Best practice: in-process genomic stability testing
The high level of professionalism we find with our biotech clients working on human pluripotent stem cells (hPSCs) generally translates into well-established, robust quality controls.
They are aware of the propensity of hPSCs to develop abnormalities in culture (primarily CNVs), so they do everything they can to lower the chances of these genomic defects occurring.
To achieve this, they have put in place a series of methods, or “best practices”, that we want to share with you in this article.

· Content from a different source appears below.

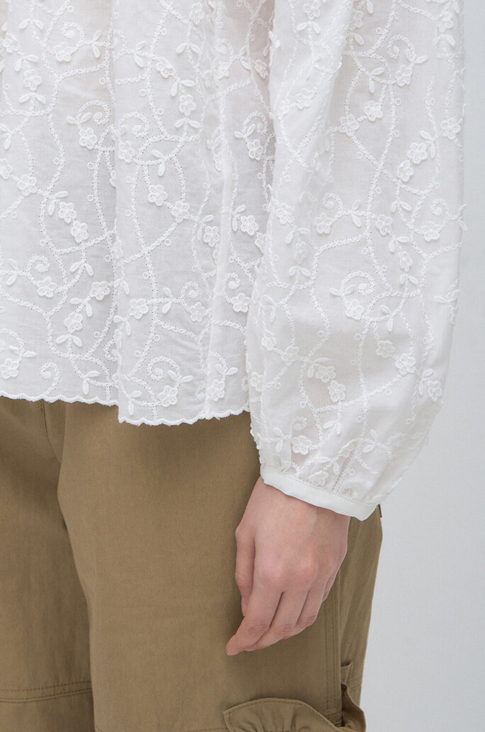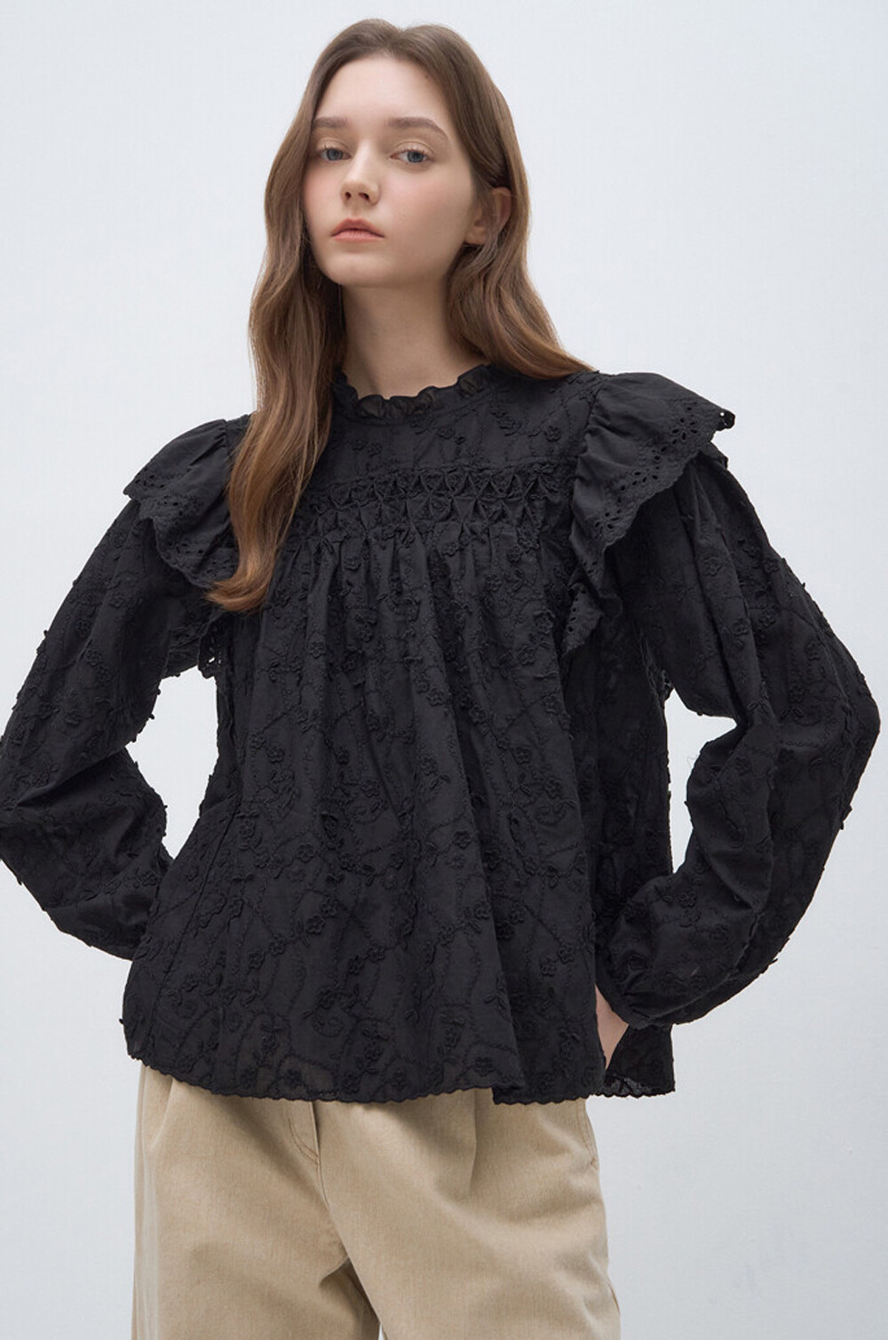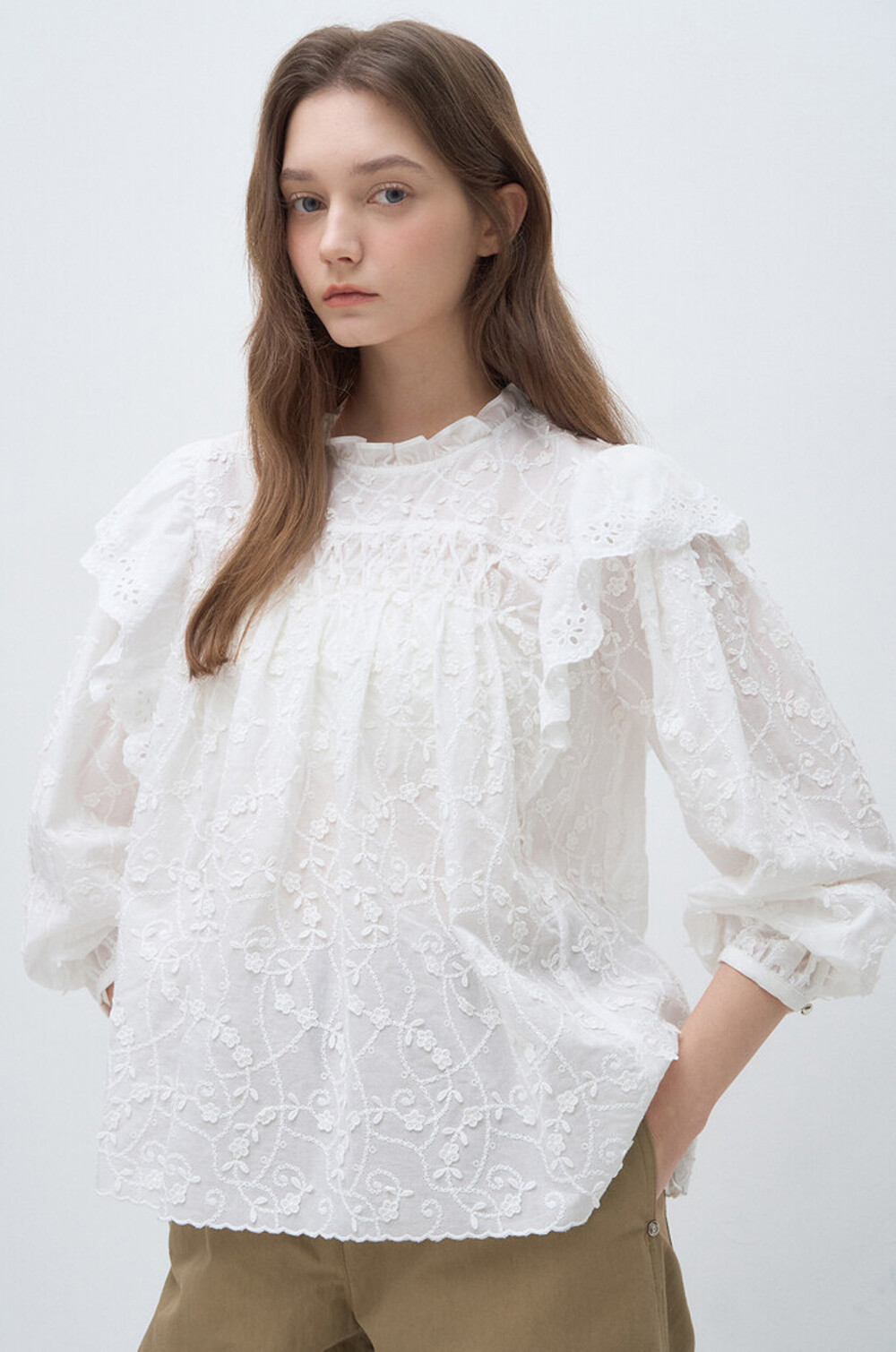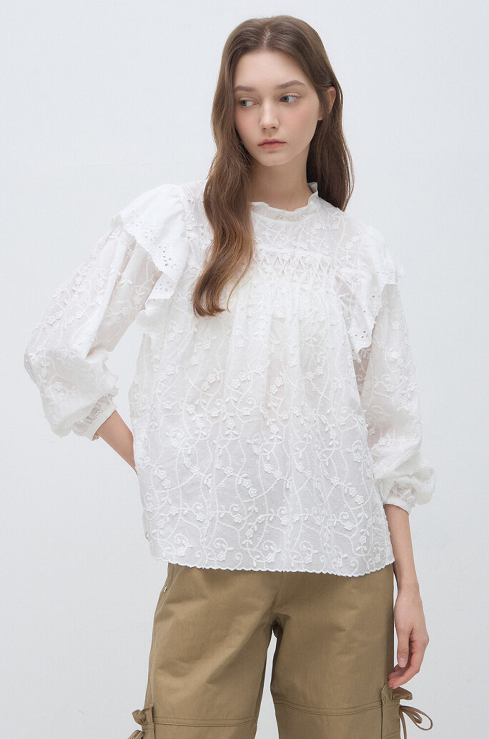오즈세컨 러플 패널 플로럴 자수 블라우스
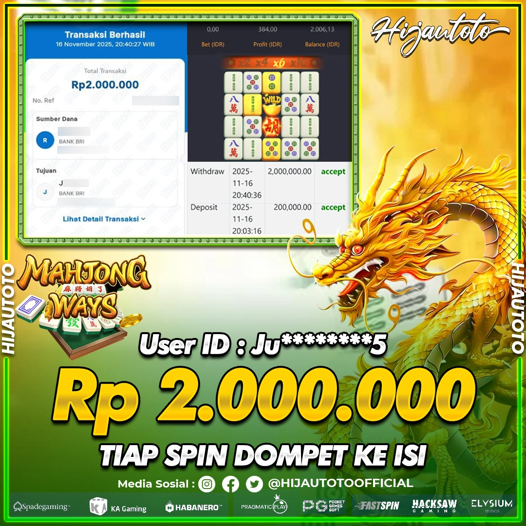 Selamat Kepada Member HIJAUTOTO JU********5 Telah Jackpot Di SLOT MAHJONG WAYS

1. High-resolution assays are necessary to ensure a stable hPSC culture
When it comes to QC for genomic stability of hPSCs, most publications mention G-Banding karyotyping. This will undoubtedly give you a very exhaustive numerical and structural assessment of your cells. However, it will present major drawbacks for hPSC lines/clones. With a resolution of 5 Mb, it will miss some of the most recurrent genomic alterations you can find in hPSCs, including the gain of chromosome 20q.11.21. This is the most frequent defect found in hPSCs, occurring in more than 20% of lines, and most of the time with no overt karyotyping changes (Amps et al. 2011).
The same can be said of assays like the Karyostat. They have better resolution than G-Banding (≥1 Mb) but can still miss recurrent abnormalities, particularly at early passages. Read Use Cases With Improved Resolution Leveraging dPCR Analysis by our client Synthego to see the performance of a high resolution digital-PCR based assay compared with Karyostat when it comes to the early detection of abnormalities in hPSC cell lines.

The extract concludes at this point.